Oppure: «Sai, dovresti proprio andare al mare qualche giorno con tuo marito», facendo finta di non sapere che il brav’uomo ha preso la tangente e chi sè visto s’è visto, si vocifera che abbia spiccato il volo con un’altra, più bella e molto più giovane, che potrebbe essere sua figlia. «Anche tu hai l’allergia al polline, povera cara, ne so qualcosa pure io», mentre si sa e si capisce benissimo che quegli occhi gonfi, quelle occhiaie spaventose sono il frutto di veglie interminabili e di pianti prolungati, perché la vita sentimentale della collega va a rotoli e tutte ne parlano e ci spettegolano sopra, peggio di una gazzetta della sera.

Per non parlare dei complimenti, ancor più velenosi della finta sollecitudine: «Come stai bene adesso, hai una linea da fare invidia a una quindicenne», per rimarcare, con quell’«adesso», che, prima della cura dimagrante, la disgraziata pareva una balena; e con quella allusione alle adolescenti per sottolineare che di anni, quella, ne deve avere almeno cinquantacinque, anche se ne dimostra un po’ di meno e si sforza disperatamente di tener segreta la sua data di nascita. E poi, cosa vuol dire: «hai una linea da fare invidia» a una che pare uno scheletro ambulante, con le guance infossate e le vene del collo in bella vista, che quando cammina ti par di sentire scricchiolare tute le sue ossa, come in una danza macabra?

Le donne sono le prime ad ammetterlo: trovarsi ogni giorno in un ambiente interamente o prevalentemente femminile è un supplizio, altro che «homo homini lupus» e «mors tua, vita mea»; lì non ci sono regole, non si concede quartiere, non si fanno prigionieri; ogni colpo, per quanto  basso, è legittimo e si punta a infliggere il massimo del male alle possibili rivali, onde spezzarne le velleità prima che possano dare ombra, prima che possano diventare pericolose. Solidarietà zero, se qualcosa va storto sul lavoro, se capita un incidente o se il capo ne prende una di mira e la umilia davanti a tutti, inutile aspettarsi un minimo di solidarietà o, almeno, di benevola neutralità; no, l’occasione è troppo ghiotta per non darle il colpo di grazia.

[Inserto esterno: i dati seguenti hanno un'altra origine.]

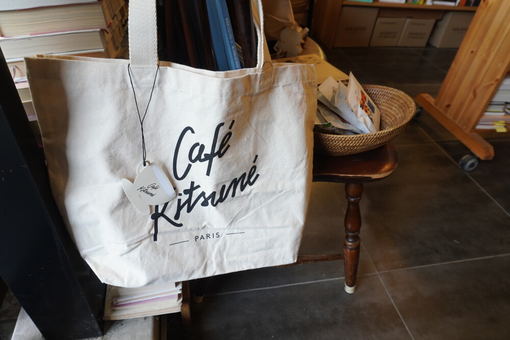 카페 키츠네 라떼 에코백 : 가로 세로 폭 손잡이 = 45 35 12 24 사이즈입니다.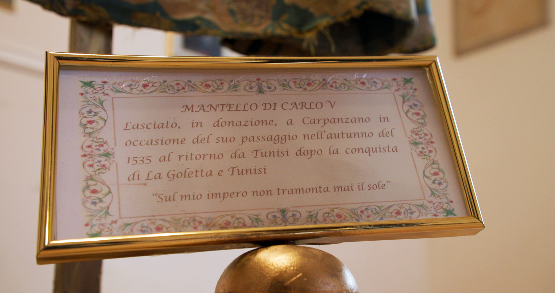 Questo cimelio, in seguito utilizzato come piviàle durante le cerimonie religiose, rappresenta il legame indissolubile tra Carpanzano e la storia dell’impero. Realizzato con materiali pregiati, il mantello si distingue per la finezza delle decorazioni e per il significato che porta con sé: un simbolo di potere, ma anche di protezione e gratitudine verso la comunità locale.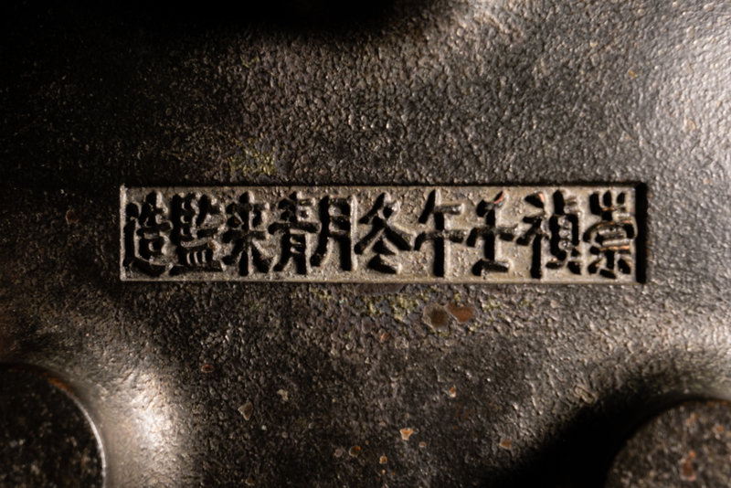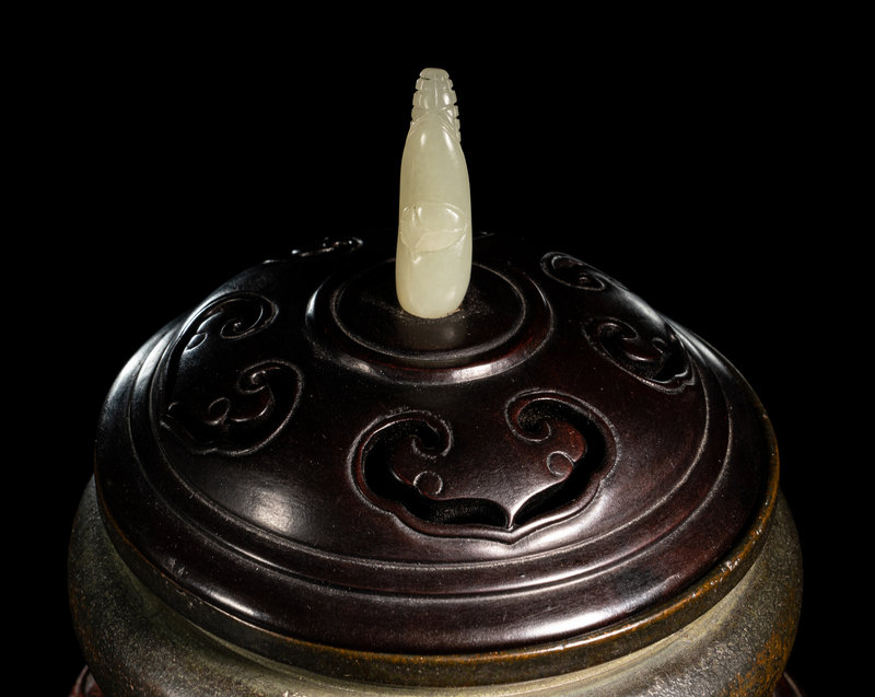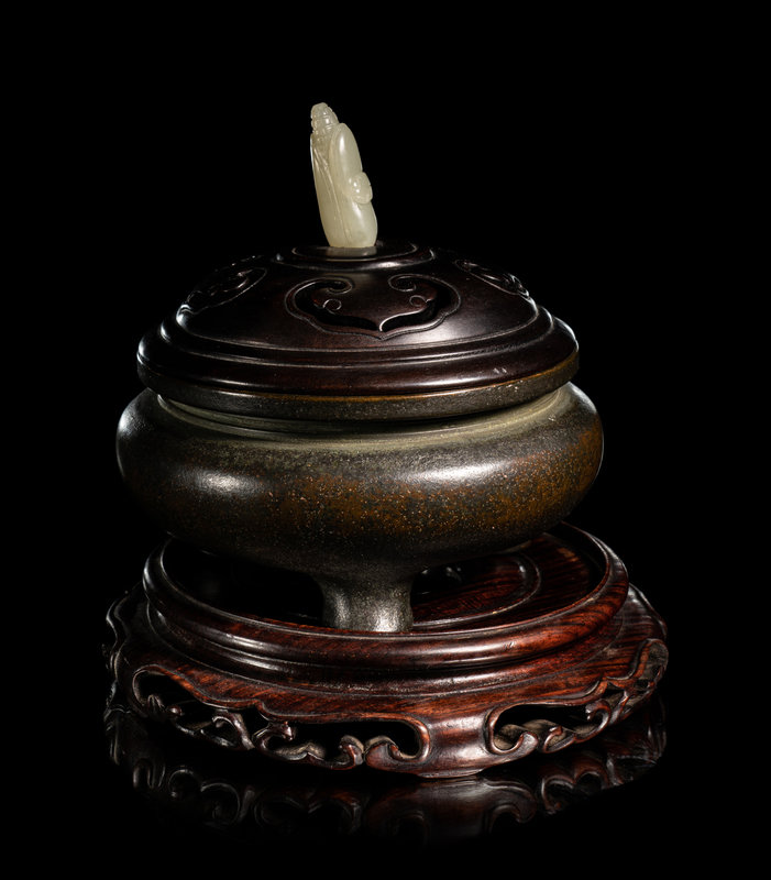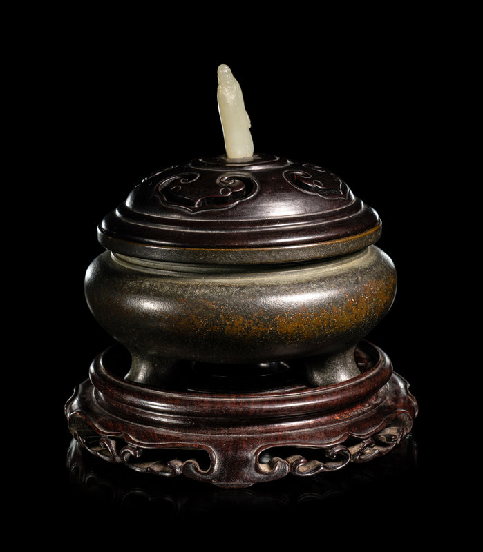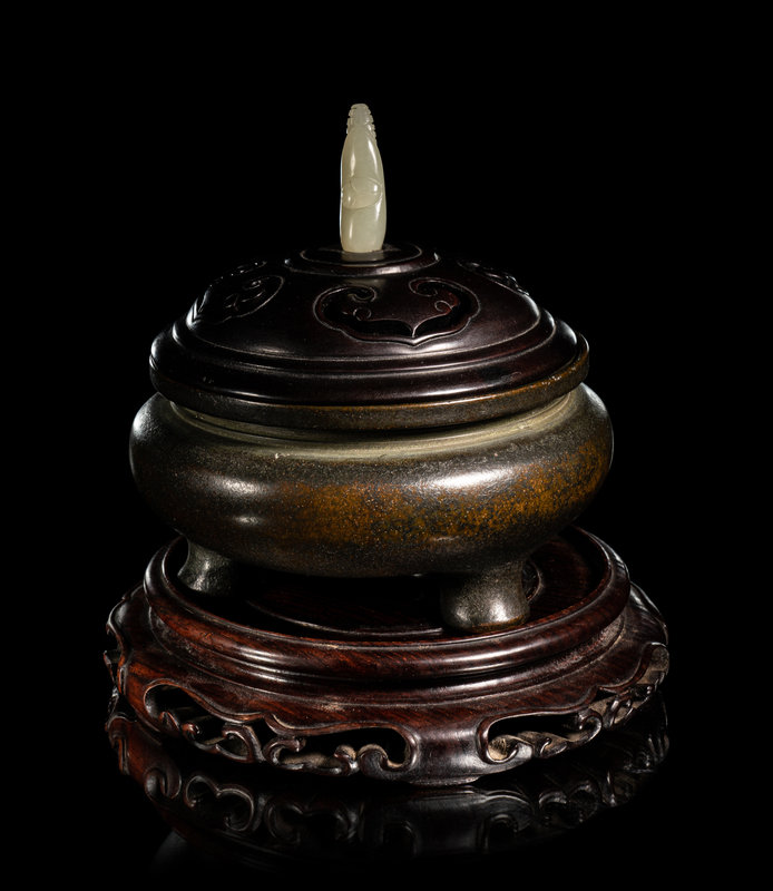 of compressed globular shape with three cabriole feet, supported on a separate wood stand, the underside of the censer is cast with a ten-character mark,

Insomma, tutto considerato crediamo che non sarebbe male un ritorno al grembiule nero per le studentesse e per le pubbliche impiegate; e osiamo pensare che moltissime di loro sarebbero d’accordo, se potessero esprimere il loro parere in segreto, cioè senza doversi esporre al dileggio e alle rivalse delle colleghe. Perché, nonostante certe apparenze, la maggioranza delle persone, donne comprese, va a scuola o in ufficio per studiare o per lavorare e non per fare a gara a chi ha il vestito più bello, più costoso e più sexy.

Così, questa che potrebbe sembrare una “boutade” o, peggio, una proposta biecamente maschilista, crediamo che andrebbe incontro ai segreti desideri di moltissime donne e ragazze e servirebbe a riportare un po’ di serenità in un ambiente già di per se stesso reso sgradevole da un clima di competizione esasperata e di mal dissimulata rivalità di tutte contro tutte.

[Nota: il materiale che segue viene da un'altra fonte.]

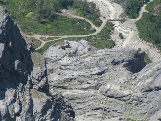 wir haben Punkt 1735 m.ü.M. bei Engi erreicht. Blick auf die Bergstation der alten Seilbahn Datum 14.04.2014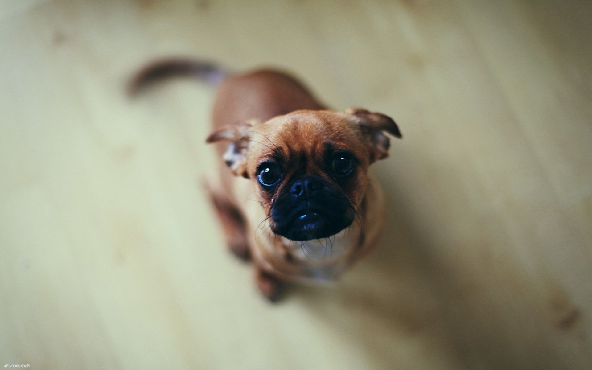 Słodki szczeniak patrzy w kamerę. Portret psa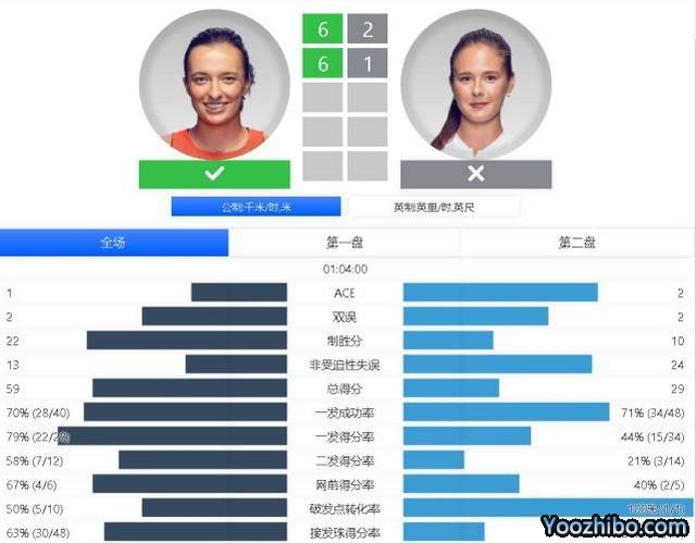 第二盘第4局比赛斯维亚泰克率先破发,取得3-1的领先优势。 第6局斯维亚泰克连下4分破发,5-1来到发球胜赛局。第7局斯维亚泰克轻松保发成功,6-1拿下了第二盘比赛的胜利。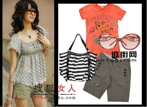 趣味T恤+工装风格的五分裤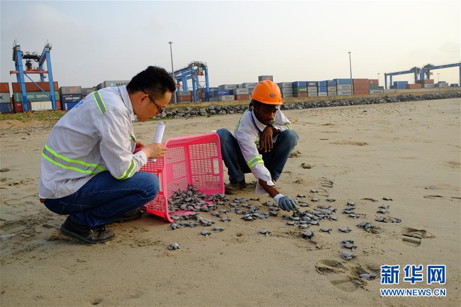 每年10月至次年3月是加納海域海龜?shù)漠a(chǎn)卵與孵化期,成年海龜會(huì)陸續(xù)來到海灘產(chǎn)卵,繁衍下一代。為了保障項(xiàng)目工程區(qū)域海龜正常產(chǎn)卵孵化,承建單位中國港灣工程有限責(zé)任公司(中國港灣)2017年11月建立了海龜孵化基地,將野生海龜在沿岸產(chǎn)的卵收集起來進(jìn)行集中孵化,在小海龜孵化后放回大海。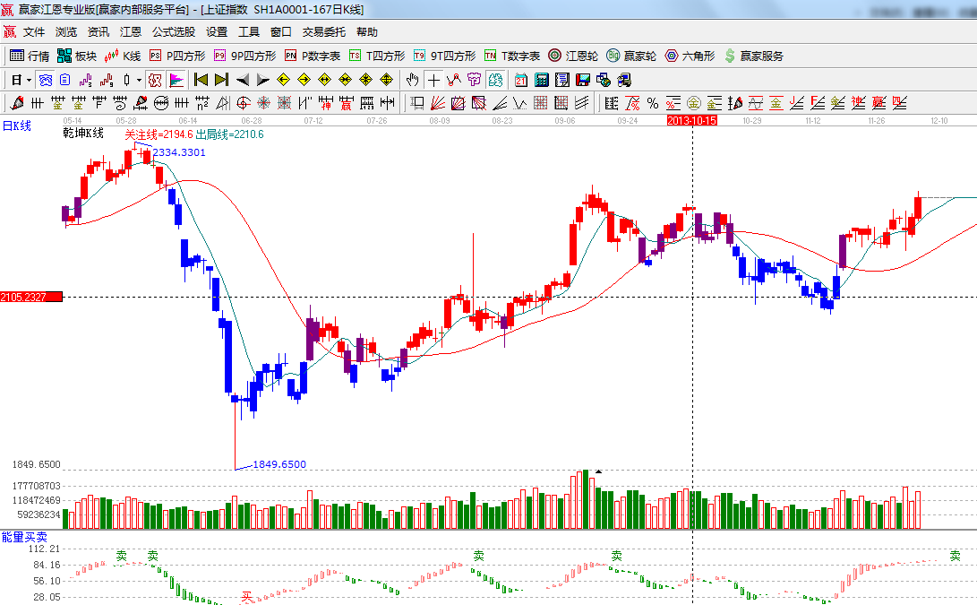 ★依據(jù)贏家江恩系統(tǒng)能量買賣提示:多方量能紅色柱子縮短,量能不能放大謹慎;

C’è solo un piccolo particolare, per cui non verrà mai preso in considerazione: implicherebbe una ammissione della diagnosi testé fatta, ossia della assoluta incapacità, da parte delle donne, di organizzarsi fra loro in maniera da rendere un ambiente di studio o di lavoro sereno o, quanto meno, respirabile, mettendo da parte rivalità e gelosie e fondando le relazioni interpersonali sulla collaborazione franca e disinteressata.

Le femministe non lo ammetterebbero mai, nemmeno se fossero legate al palo della tortura; e anche molte altre donne, che pure riconoscerebbero ciò in privato, non sarebbero mai e poi mai disposte a dichiararlo in pubblico. Il motivo è che, nella donna, esiste una duplicità che è caratteristica del suo sesso: la stessa duplicità per cui, ad esempio, in pubblico non c’è donna che non ostenti il massimo disprezzo per un uomo come Salvatore Parolisi, sospettato di avere ucciso la moglie per amore di un’altra (e ne fanno fede innumerevoli, stucchevoli salotti televisivi straripanti di psicologhe, sociologhe, scrittrici, giornaliste, attrici, presentatrici e, magari, signore e signorine reduci dall’ultima edizione del Grande Fratello); ma è un fatto che, in prigione, il bellimbusto donnaiolo e, forse, uxoricida, riceve pacchi su pacchi di lettere scritte da ammiratrici che gli dichiarano tutta la loro devozione e la loro infuocata passione.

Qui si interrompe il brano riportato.